GOAL OF THE EXERCISE. What's needed is an exact copy of all the data below, without pictures.

[[ DATA EXTRACT, beginning ]]

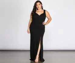 Make them all take a second look in our gorgeous Kaitlyn black dress! She features a sleeveless bodice, a plunging V neckline, supportive shoulder straps and a flattering ruched empire waist. Her relaxed fit bodice leads to a curve hugging floor length silhouette accented with vertical seams to create an hourglass illusion and a high side slit. She is composed of a lined crepe fabric that offers plenty of stretch. Includes a back zipper closure with ruched detailing and a mini skirt length knit lining.
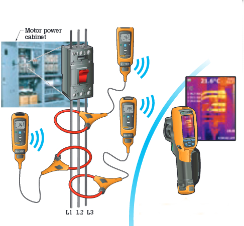 Start with a thermal imager, like the Fluke Ti100, Fluke Ti105, Fluke Ti110, or Fluke Ti125 and then add a few CNX enabled electrical meters with AC transducers attached and get them all turned on and on target. The data from the transducers will transmit wirelessly and allow the electrical data to be displayed onscreen with your thermogram (see the diagram at right). After you take all your images and readings you can wirelessly upload them to a computer equipped with CNX software and analyze them to create reports on your findings.
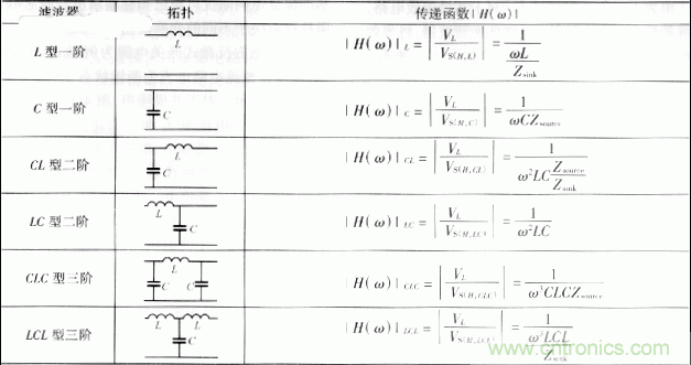 電磁干擾濾波器通常置于開關(guān)電源和電網(wǎng)相連的前端,是由串聯(lián)電抗器和并聯(lián)電容器組成的低通濾波器。如圖1所示,噪聲源等效阻抗為Zsource、電網(wǎng)等效阻抗為Zsink。濾波器指標(fstop和Hstop)可以由一階、二階或三階低通濾波器實現(xiàn),濾波器傳遞函數(shù)的計算通常在高頻下近似,也就是說對于n階濾波器,忽略所有ωk相關(guān)項(當(dāng)k<n),只取含ωn相關(guān)項。表1列出了多種常見的濾波器拓撲及其傳遞函數(shù)。特別要注意的是要考慮輸入、輸出阻抗不匹配給濾波特點帶來的干擾。
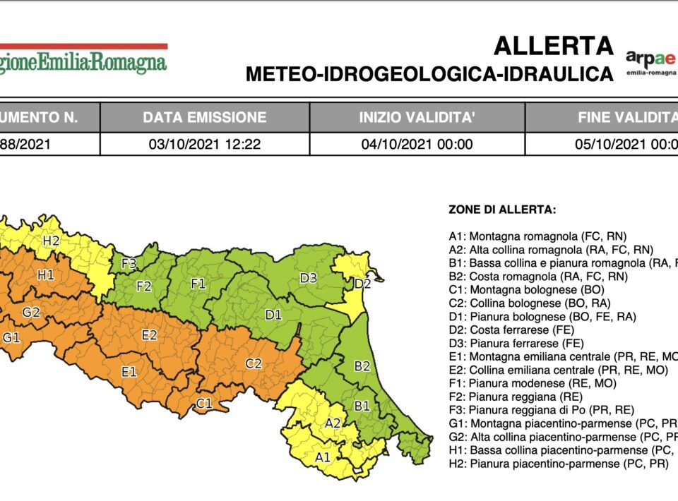 03 Ottobre 2021 Allerta meteo per temporali, vento, piene, frane e mareggiate lunedì 4 ottobre Per la giornata di lunedì 4 ottobre è stata emessa l’allerta n.088\2021 valida sul territorio regionale dell’Emilia-Romagna per temporali, vento,...
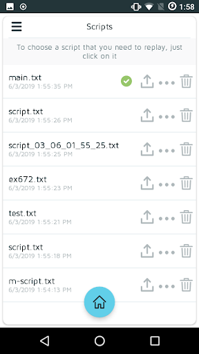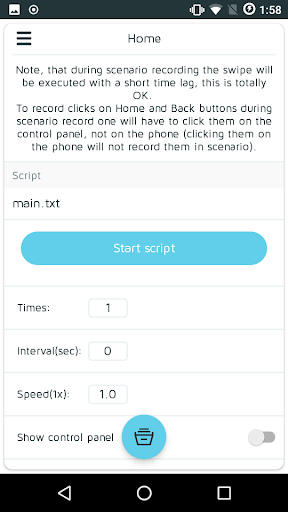 سوف يعيش التطبيق تسجيل المسرحية وجميع سيتم محاكاة إجراءات المستخدم وفقا للسيناريو المسجل. علاوة على ذلك، يمكنك حفظ السيناريو ومشاركتها مع الأجهزة الأخرى، مما يوفر لك الكثير من الوقت والجهود، خاصة عندما يتعلق الأمر برصصيات طويلة وعدة.
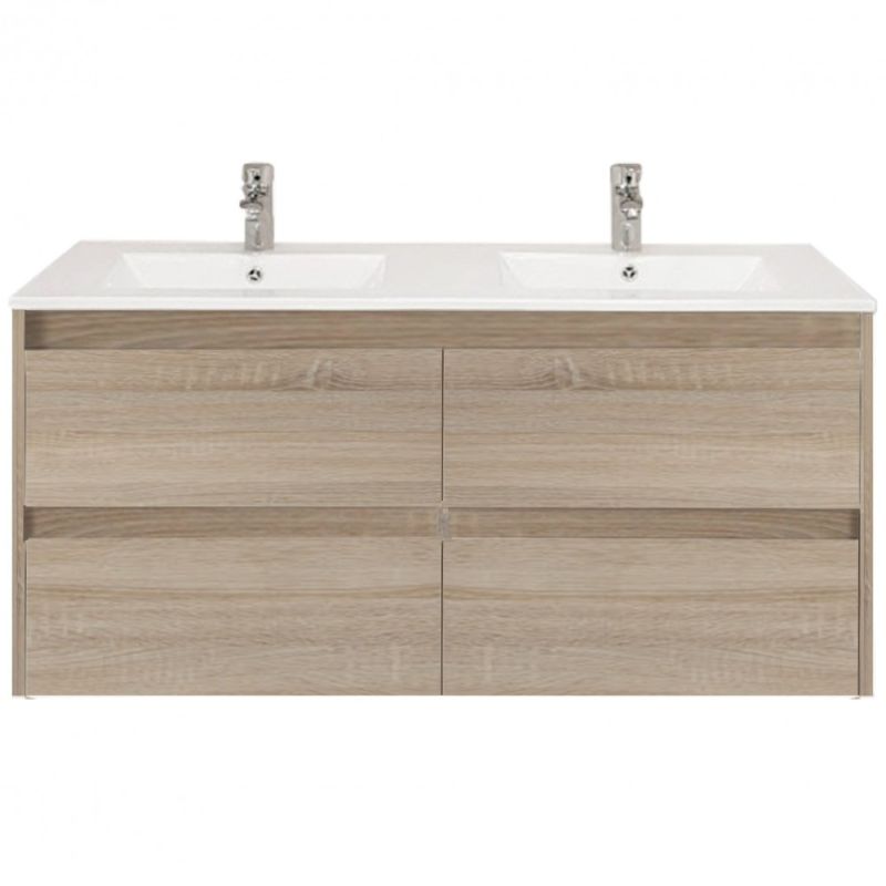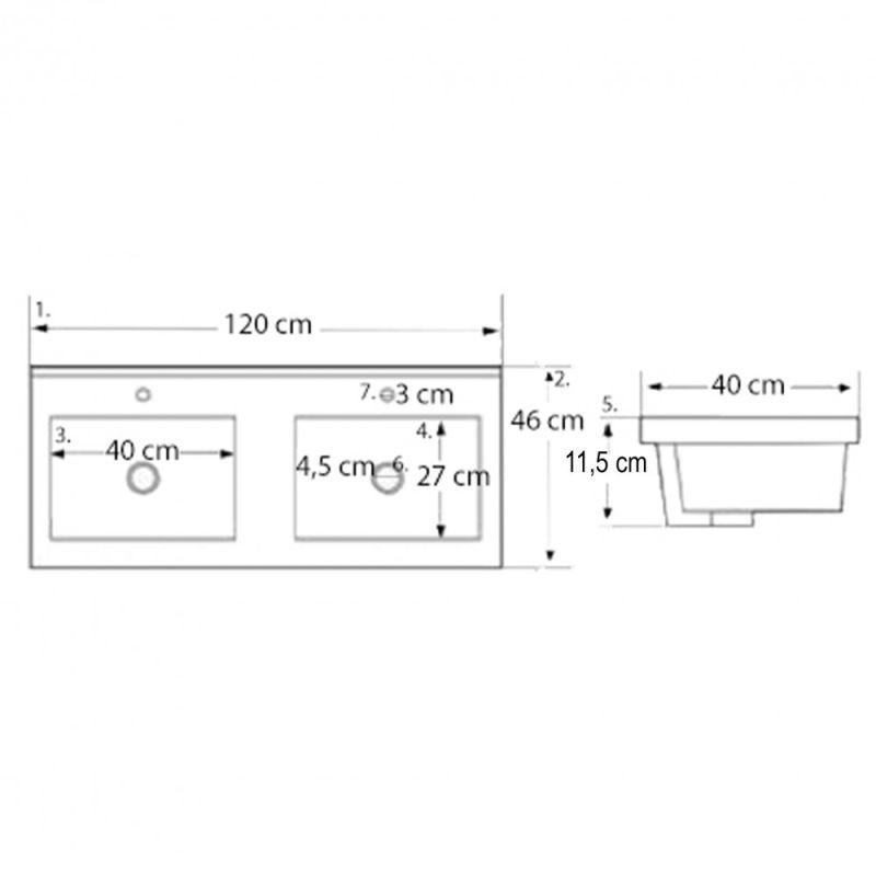 A csomag részét képzi egy méretben passzoló kerámia mosdó is, így ezt nemkell külön beszereznie. A mosdó elkészítésekor kiváló minőségű kerámiát alkalmaztak, ezzel garantálva az időtállóságot. A mélymedencékkel ellátott dupla medencés mosdóban két csaptelepnek van kialakított hely. Ebből adódóan nagyobb családok számára is ideális választás hiszen így nem kell sorban állni egy-egy kézmosás alkalmakor.

[[ DATA EXTRACT, end ]]

THE ANSWER.
 Make them all take a second look in our gorgeous Kaitlyn black dress! She features a sleeveless bodice, a plunging V neckline, supportive shoulder straps and a flattering ruched empire waist. Her relaxed fit bodice leads to a curve hugging floor length silhouette accented with vertical seams to create an hourglass illusion and a high side slit. She is composed of a lined crepe fabric that offers plenty of stretch. Includes a back zipper closure with ruched detailing and a mini skirt length knit lining.
 Start with a thermal imager, like the Fluke Ti100, Fluke Ti105, Fluke Ti110, or Fluke Ti125 and then add a few CNX enabled electrical meters with AC transducers attached and get them all turned on and on target. The data from the transducers will transmit wirelessly and allow the electrical data to be displayed onscreen with your thermogram (see the diagram at right). After you take all your images and readings you can wirelessly upload them to a computer equipped with CNX software and analyze them to create reports on your findings.
 電磁干擾濾波器通常置于開關(guān)電源和電網(wǎng)相連的前端,是由串聯(lián)電抗器和并聯(lián)電容器組成的低通濾波器。如圖1所示,噪聲源等效阻抗為Zsource、電網(wǎng)等效阻抗為Zsink。濾波器指標(fstop和Hstop)可以由一階、二階或三階低通濾波器實現(xiàn),濾波器傳遞函數(shù)的計算通常在高頻下近似,也就是說對于n階濾波器,忽略所有ωk相關(guān)項(當(dāng)k<n),只取含ωn相關(guān)項。表1列出了多種常見的濾波器拓撲及其傳遞函數(shù)。特別要注意的是要考慮輸入、輸出阻抗不匹配給濾波特點帶來的干擾。
 03 Ottobre 2021 Allerta meteo per temporali, vento, piene, frane e mareggiate lunedì 4 ottobre Per la giornata di lunedì 4 ottobre è stata emessa l’allerta n.088\2021 valida sul territorio regionale dell’Emilia-Romagna per temporali, vento,...
 سوف يعيش التطبيق تسجيل المسرحية وجميع سيتم محاكاة إجراءات المستخدم وفقا للسيناريو المسجل. علاوة على ذلك، يمكنك حفظ السيناريو ومشاركتها مع الأجهزة الأخرى، مما يوفر لك الكثير من الوقت والجهود، خاصة عندما يتعلق الأمر برصصيات طويلة وعدة.
 A csomag részét képzi egy méretben passzoló kerámia mosdó is, így ezt nemkell külön beszereznie. A mosdó elkészítésekor kiváló minőségű kerámiát alkalmaztak, ezzel garantálva az időtállóságot. A mélymedencékkel ellátott dupla medencés mosdóban két csaptelepnek van kialakított hely. Ebből adódóan nagyobb családok számára is ideális választás hiszen így nem kell sorban állni egy-egy kézmosás alkalmakor.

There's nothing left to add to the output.